TO BE ELIGIBLE TO RECEIVE WEBSCOPE DATA, UNLESS SPECIFIED IN A PARTICULAR DATASET, YOU MUST:
Be a faculty member, research employee or student from an accredited university
Send the data request from an accredited university .edu or domain name (for international universities) email address
UNLESS SPECIFIED IN A PARTICULAR DATASET, WE ARE NOT ABLE TO SHARE DATA WITH:
Employees of commercial entities with university appointment
Research institutions not affiliated with a research university
Prior to that, you can do some research as perhaps with a Master's or as a graduate student, but usually you're assisting on a Ph.D's project.
The process of getting a Ph.D in many fields is basically the process of learning how to research and report your research.
So the idea of limiting high level research tools to those who've proven to be capable of high level research isn't that ridiculous to me.
If you want to research for a living and report it, is it so ridiculous to ask that you train traditionally in researching and reporting?

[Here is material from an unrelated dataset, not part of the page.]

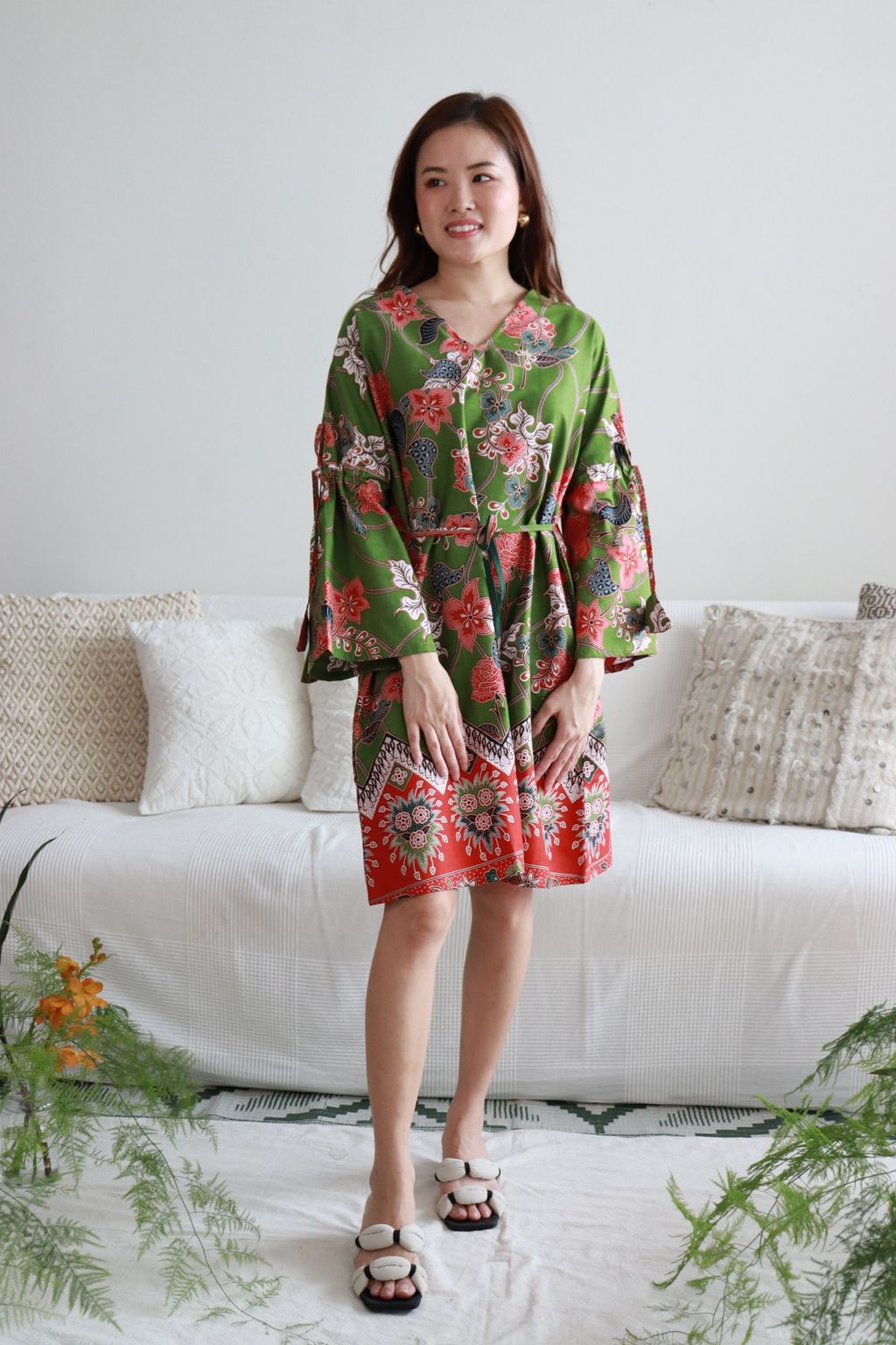 The waist tie can be worn loose or tied around the waist to give it a nice fit.

Many of us have deliberately chosen not to go the Masters/PhD/Academic route because of how broken/backward we believe the academic system to be, and that we can have better access to both research, learnings, materials, methods, and just a general quality of life, both materially and intellectually, outside of it.
That doesn't mean we're not interested in, or aren't doing, research. Indeed, we believe we're often doing it better.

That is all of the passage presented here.